We will now analyse the Factor analysis joint distribution assuming noise is uncorrelated with the data or the latent variables - The distributions as we derived/assumed above are- \begin{aligned} &P(X) = \mathcal{N}(X;0, I) \\ &P(Y | X) = \mathcal{N}(Y; \mu+\Lambda X, \Psi) \end{aligned} The covariance between X and Y can be derived as follows - \begin{aligned} Cov[X, Y] = E[(X - 0)(Y - \mu)^T] = E[X(\mu + \Lambda X + W -\mu)^T] \\ = E[XX^T\Lambda^T + XW^T] = \Lambda^T \end{aligned} Hence the joint distribution of X and Y is - P(\begin{bmatrix} X \\ Y \end{bmatrix}) = \mathcal{N}(\begin{bmatrix} X \\ Y \end{bmatrix} | \begin{bmatrix} 0 \\ \mu \end{bmatrix}, \begin{bmatrix} I & \Lambda^T \\ \Lambda & \Lambda \Lambda^T + \Psi \end{bmatrix})

Now we can say - \begin{aligned} &\Sigma_{11} = I \\ &\Sigma_{12} = \Sigma_{21}^T = \Lambda^T \\ &\Sigma_{22} = \Lambda \Lambda^T + \Psi \end{aligned} Given all of the above, we can now derive the posterior of the latent variable X given Y, where \begin{aligned} &P(X|Y) = \mathcal{N}(X | \mu_{1|2}, V_{1|2}) \\ &\mu_{1|2} = \mu_1 + \Sigma_{12}\Sigma_{22}^{-1}(X_2 - \mu_2) \\ & = \Lambda^T(\Lambda\Lambda^T + \Psi)^{-1}(Y - \mu) \\ &V_{1|2} = \Sigma_{11} - \Sigma_{12}\Sigma_{22}^{-1}\Sigma_{21} = I - I\Lambda^T(\Lambda\Lambda^T + \Psi)^{-1}\Lambda I \end{aligned} Applying the matrix inversion lemma we learnt above, we get - \begin{aligned} &(E - FH^{-1}G)^{-1} = E^{-1}+ E^{-1}F(H-GE^{-1}F)^{-1}GE^{-1} \\ &V_{1|2} = (I + \Lambda^T\Psi^{-1}\Lambda)^{-1} \\ &\mu_{1|2} = V_{1|2}\Lambda^T\Psi^{-1}(Y-\mu) \end{aligned}

Learning in Factor Analysis

The inference problem, as shown above can be thought of as a linear projection since the posterior covariance (V_{1|2} above) does not depend on the observed data y and the posterior mean \mu_{1|2} is just a linear operation.

The learning problem in Factor Analysis corresponds to learning the parameters of the model, i.e., the loading matrix \Lambda, manifold center \mu and the diagonal covariance matrix of the noise, \Psi.
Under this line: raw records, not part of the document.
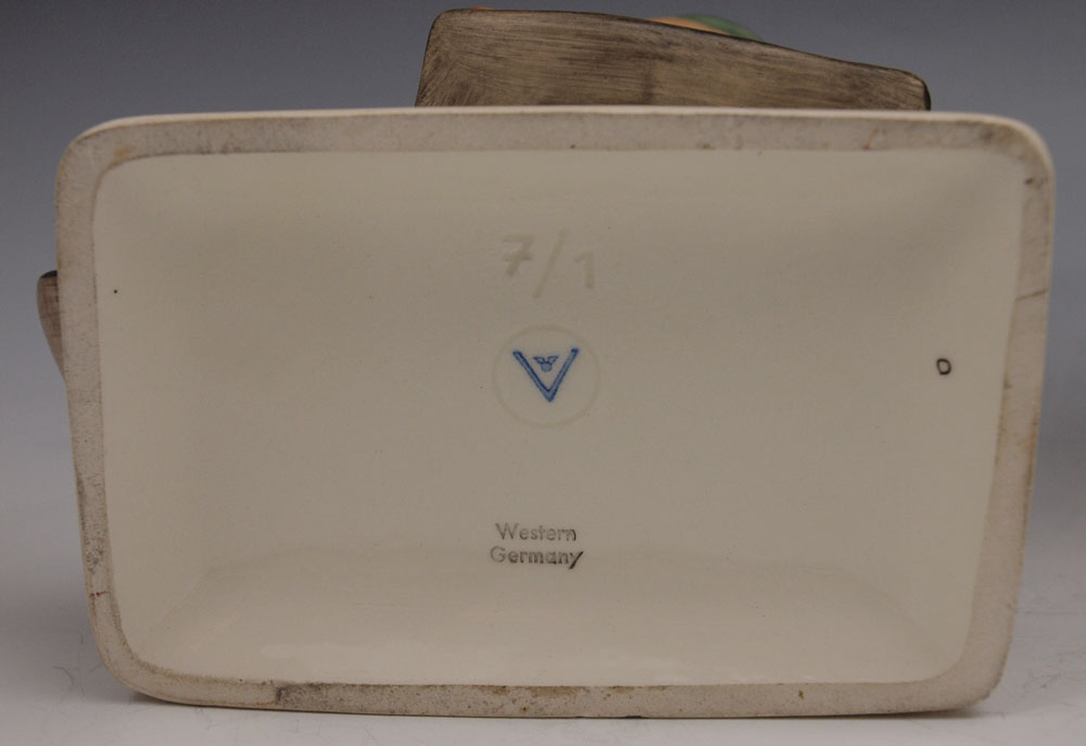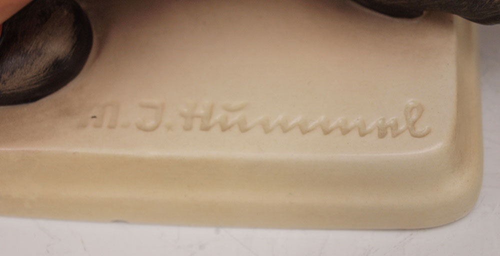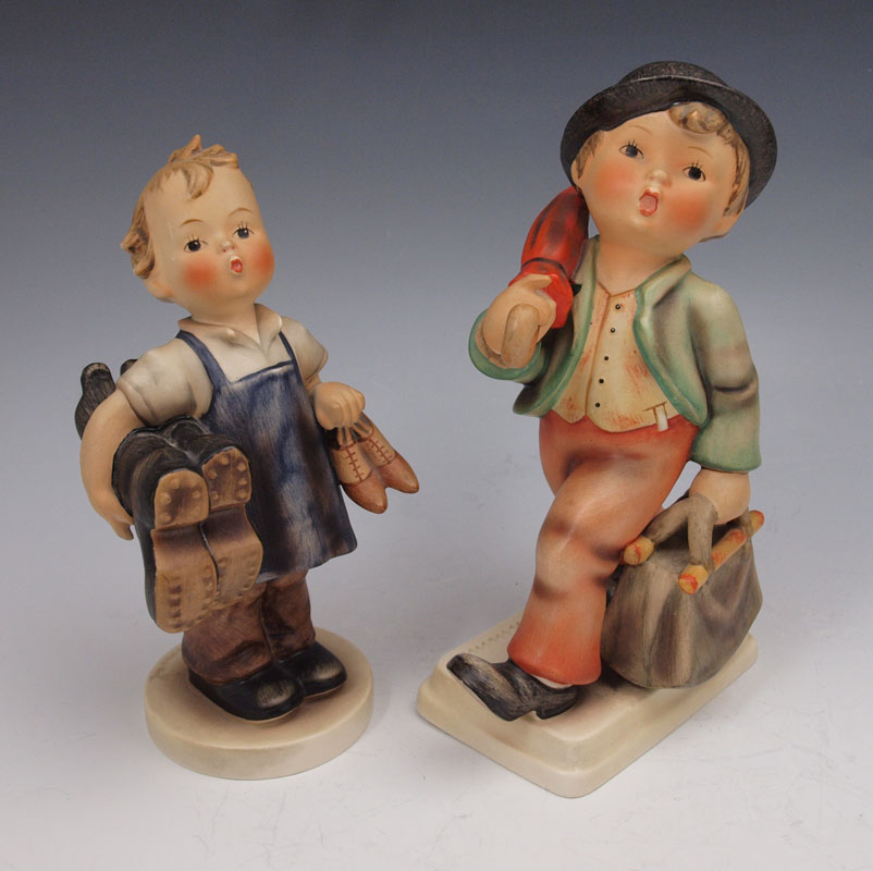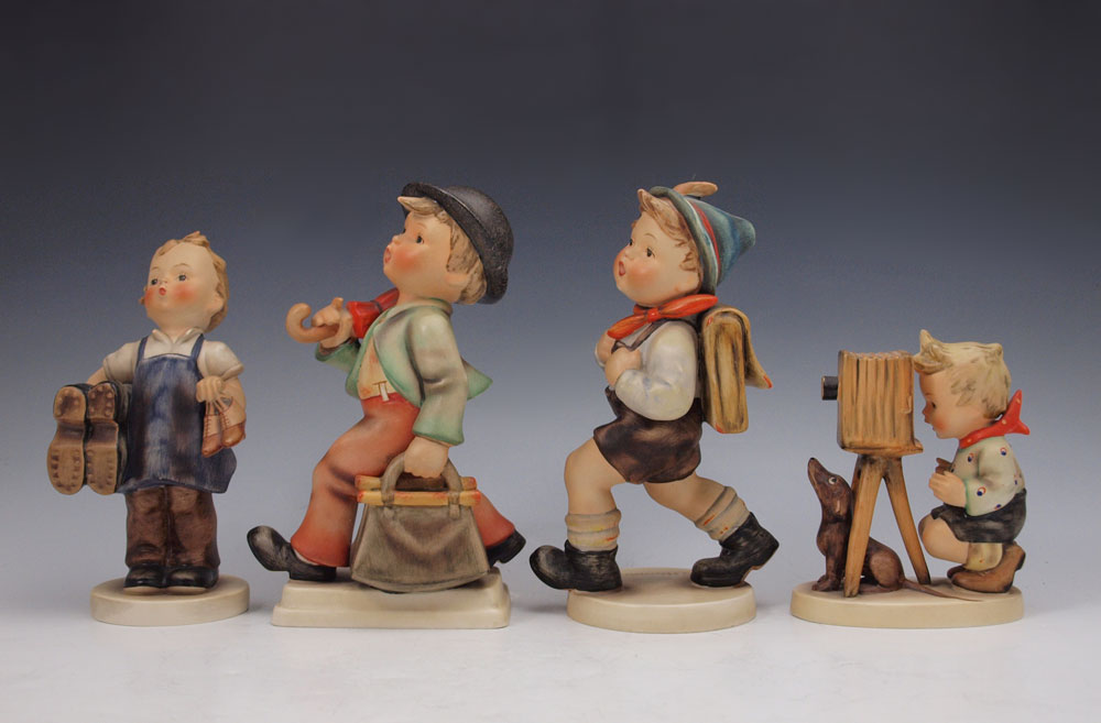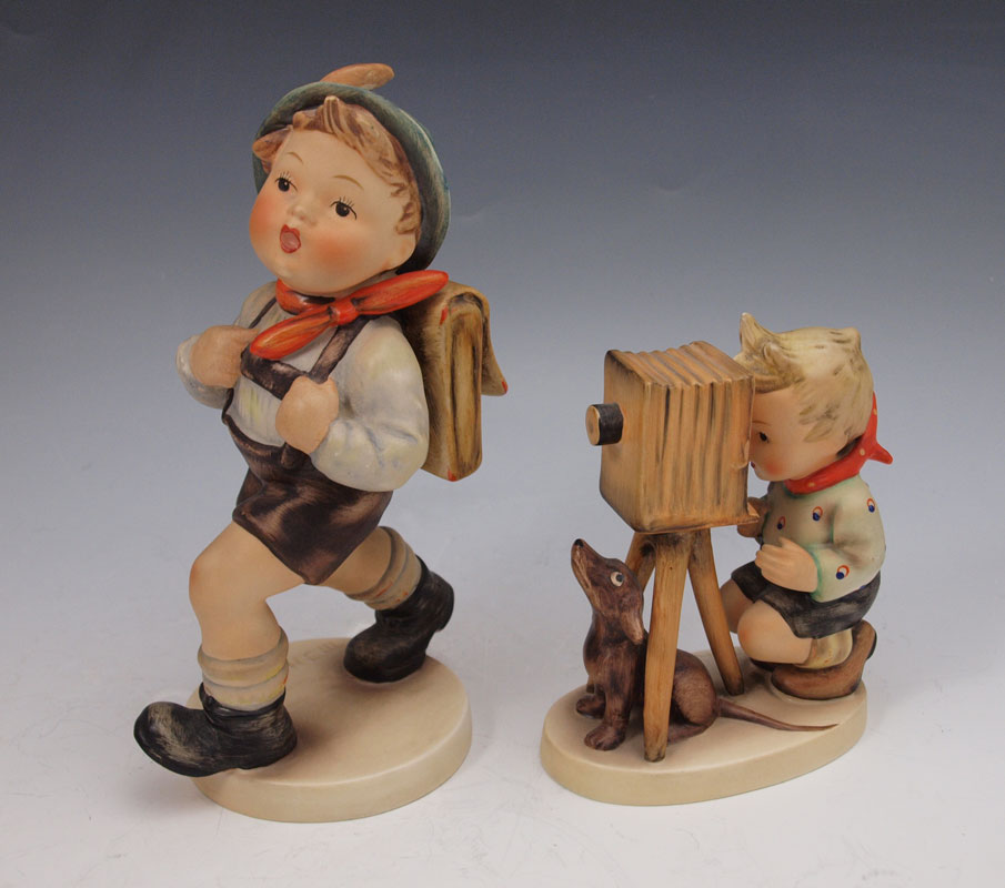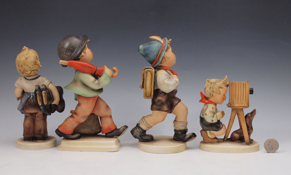 FOUR LARGE HUMMEL FIGURINES: To include 3 with the Stylized Bee & Western Germany mark, circa 1957-1960, MERRY WANDERER 7 1/2'' impressed 7/1; BOOTS 7'' impressed 143/1; SCHOOL BOY 7 1/2'' impressed 82/2; and THE PHOTOGRAPHER 5'', impressed 178, Stylized Bee & W. Germany mark, circa 1960-1963. Sold as a lot.
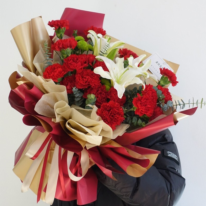 【岁月长留】19朵红色康乃馨,1支白色多头香水百合 ,搭配满天星装饰。
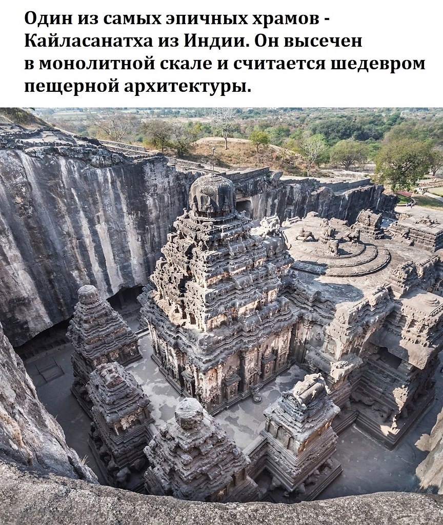 В индийском Эллоре находится объект, который не вписывается в привычные рамки истории. Храм Кайласанатха — не просто святилище. Это дерзкий вызов, брошенный самой природе, и молчаливая загадка, ответ на которую, возможно, утерян навсегда. Официально его создали в VIII веке. Но как? Принято говорить о тысячах рабочих с молотками и зубилами, трудившихся поколениями. Но стоит только вглядеться в детали, и эта простая картина рассыпается. Невозможно поверить, что такое можно создать простыми ручными инструментами. Чтобы оценить масштаб, представьте: перед вами цельная скала. И из нее нужно не просто вырезать статую, а целый храмовый комплекс с многоэтажными залами, галереями, колоннами и изящными скульптурами. Работа велась сверху вниз. Начиная с вершины утеса, мастера высекали крыши будущих строений, спускались ниже, формируя стены, и лишь в конце убирали всё лишнее вокруг, оставляя стоять готовое чудо. Цифры ошеломляют: чтобы освободить этот архитектурный шедевр, пришлось удалит
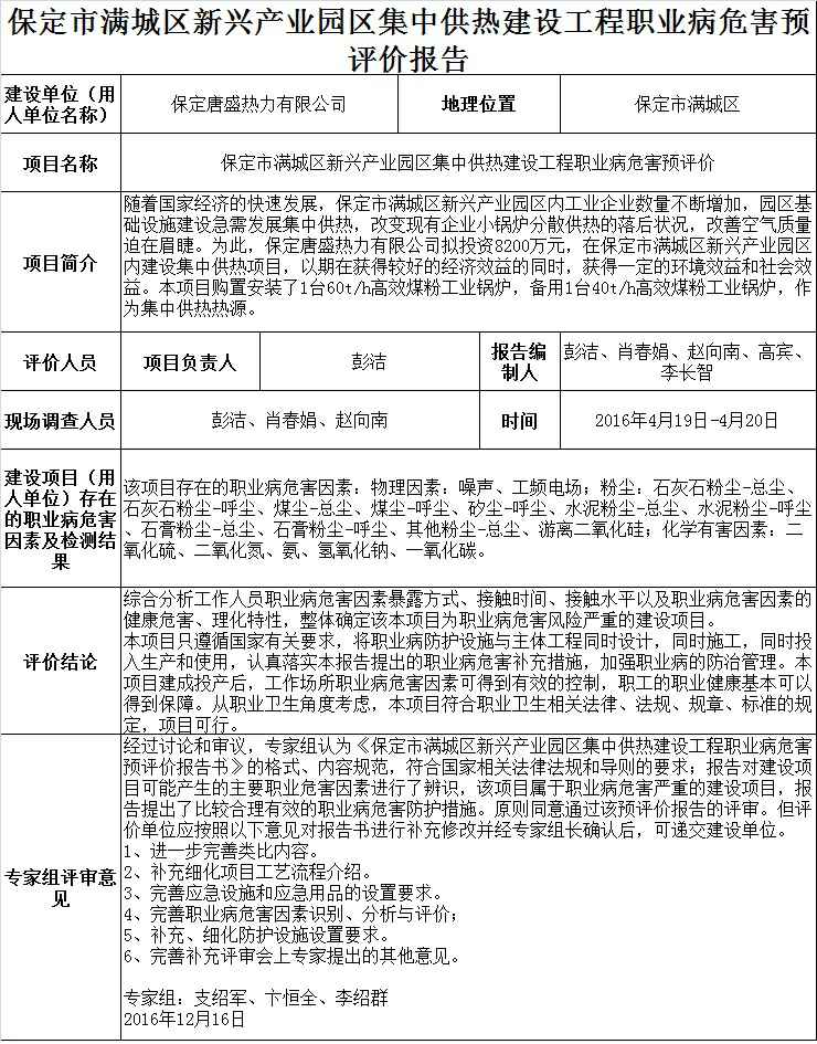 保定市满城区新兴产业园区冀中供热建设工程职业病危害预评价

As always, we will solve this problem by maximizing the log-likelihood of the observed data, i.e. (μ,Λ,Ψ)=(\mu^*, \Lambda^*, \Psi^*) = argmax (D;μ,Λ,Ψ)\ell(\mathcal{D} ; \mu, \Lambda, \Psi).

Thanks to the derivation above, we have a closed-form expression for the incomplete log likelihood of the data, i.e. \mathcal{D} = \text{\textbraceleft} y^{(i)} : i=1,…,n \text{\textbraceright} , as shown below:

\begin{aligned} &\ell(\mathcal{D} ; \mu, \Lambda, \Psi) = \text{log} \; \Pi_{i=1}^{n} \frac {1} {(2 \pi)^{p} |\Lambda \Lambda^T + \Psi|^{1/2}} \text{exp} (-\frac{1}{2} (y^{(i)} - \mu)^T(\Lambda \Lambda^T + \Psi)(y^{(i)} - \mu)) \\ &= -\frac{n}{2} \text{log} (|\Lambda \Lambda^T + \Psi|) -\frac{1}{2} \sum_{i=1}^{n} (y^{(i)} - \mu)^T(\Lambda \Lambda^T + \Psi)(y^{(i)} - \mu) \\ &= -\frac{n}{2} \text{log} (|\Lambda \Lambda^T + \Psi|) -\frac{1}{2} tr[(\Lambda \Lambda^T + \Psi)^{-1}S] \; \\ & \text{where} \; S = \sum_{i=1}^{n} (y^{(i)} - \mu)(y^{(i)} - \mu)^T \end{aligned}

Estimation of \mu is straightforward, however \Lambda and \Psi are tightly coupled non-linearly in log-likelihood. In order to make this problem tractable, we will use the same trick used in Gaussian Mixture Models, i.e., optimize the complete log-likelihood using Expectation Maximization (EM) algorithm.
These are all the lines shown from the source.